FZU 2148 Moon Game（线性代数，几何）

Fat brother and Maze are playing a kind of special (hentai) game in the clearly blue sky which we can just consider as a kind of two-dimensional plane. Then Fat brother starts to draw N starts in the sky which we can just consider each as a point. After he draws these stars, he starts to sing the famous song “The Moon Represents My Heart” to Maze.

You ask me how deeply I love you,

How much I love you?

My heart is true,

My love is true,

The moon represents my heart.

…

But as Fat brother is a little bit stay-adorable(呆萌), he just consider that the moon is a special kind of convex quadrilateral and starts to count the number of different convex quadrilateral in the sky.
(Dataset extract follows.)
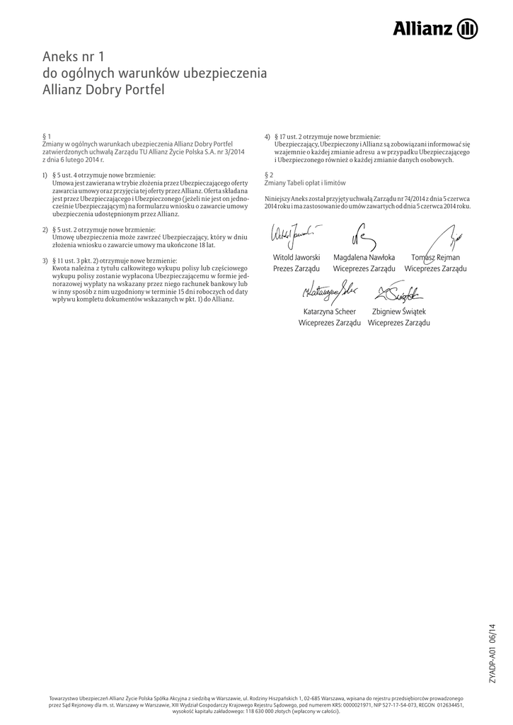 Aneks nr 1 do ogólnych warunków ubezpieczenia Allianz Dobry Portfel §1 Zmiany w ogólnych warunkach ubezpieczenia Allianz Dobry Portfel zatwierdzonych uchwałą Zarządu TU Allianz Życie Polska S.A. nr 3/2014 z dnia 6 lutego 2014 r. 4) § 17 ust. 2 otrzymuje nowe brzmienie: Ubezpieczający, Ubezpieczony i Allianz są zobowiązani informować się wzajemnie o każdej zmianie adresu a w przypadku Ubezpieczającego i Ubezpieczonego również o każdej zmianie danych osobowych. 1) § 5 ust. 4 otrzymuje nowe brzmienie: Umowa jest zawierana w trybie złożenia przez Ubezpieczającego oferty zawarcia umowy oraz przyjęcia tej oferty przez Allianz. Oferta składana jest przez Ubezpieczającego i Ubezpieczonego (jeżeli nie jest on jednocześnie Ubezpieczającym) na formularzu wniosku o zawarcie umowy ubezpieczenia udostępnionym przez Allianz. §2 Zmiany Tabeli opłat i limitów Niniejszy Aneks został przyjęty uchwałą Zarządu nr 74/2014 z dnia 5 czerwca 2014 roku i ma zastosowanie do umów zawartych od dnia 5 czerwca 2014 roku. 2) § 5 ust. 2 otrzymuje nowe brzmienie: Umowę ubezpieczenia może zawrzeć Ubezpieczający, który w dniu złożenia wniosku o zawarcie umowy ma ukończone 18 lat. 3) § 11 ust. 3 pkt. 2) otrzymuje nowe brzmienie: Kwota należna z tytułu całkowitego wykupu polisy lub częściowego wykupu polisy zostanie wypłacona Ubezpieczającemu w formie jednorazowej wypłaty na wskazany przez niego rachunek bankowy lub w inny sposób z nim uzgodniony w terminie 15 dni roboczych od daty wpływu kompletu dokumentów wskazanych w pkt. 1) do Allianz. Witold Jaworski Prezes Zarządu Magdalena Nawłoka Wiceprezes Zarządu Tomasz Rejman Wiceprezes Zarządu ZYADP-A01 06/14 Zbigniew Świątek Katarzyna Scheer Wiceprezes Zarządu Wiceprezes Zarządu Towarzystwo Ubezpieczeń Allianz Życie Polska Spółka Akcyjna z siedzibą w Warszawie, ul.– Rodziny 1 – Hiszpańskich 1, 02-685 Warszawa, wpisana do rejestru przedsiębiorców prowadzonego przez Sąd Rejonowy dla m. st. Warszawy w Warszawie, XIII Wydział Gospodarczy Krajowego Rejestru Sądowego, pod numerem KRS: 0000021971, NIP 527-17-54-073, REGON 012634451, wysokość kapitału zakładowego: 118 630 000 złotych (wpłacony w całości).

As this number is quiet large, he asks for your help.

Input

The first line of the date is an integer T, which is the number of the text cases.

Then T cases follow, each case contains an integer N describe the number of the points.

Then N lines follow, Each line contains two integers describe the coordinate of the point, you can assume that no two points lie in a same coordinate and no three points lie in a same line. The coordinate of the point is in the range[-10086,10086].

1 <= T <=100, 1 <= N <= 30

Output

For each case, output the case number first, and then output the number of different convex quadrilateral in the sky. Two convex quadrilaterals are considered different if they lie in the different position in the sky.

Sample Input

2
4
0 0
100 0
0 100
100 100
4
0 0
100 0
0 100
10 10

Sample Output

Case 1: 1
Case 2: 0

 又是一道数学题→ →。。可怕

题目大意：给出n个点，求这n个点能构成的凹四边形个数，任意三点不共线。

假设点a是凹进去的点，如果四个点a,b,c,d构成凹四边形，那么点a与任意两点的面积和与其余三点构成的三角形面积相同，否则不是凹四边形。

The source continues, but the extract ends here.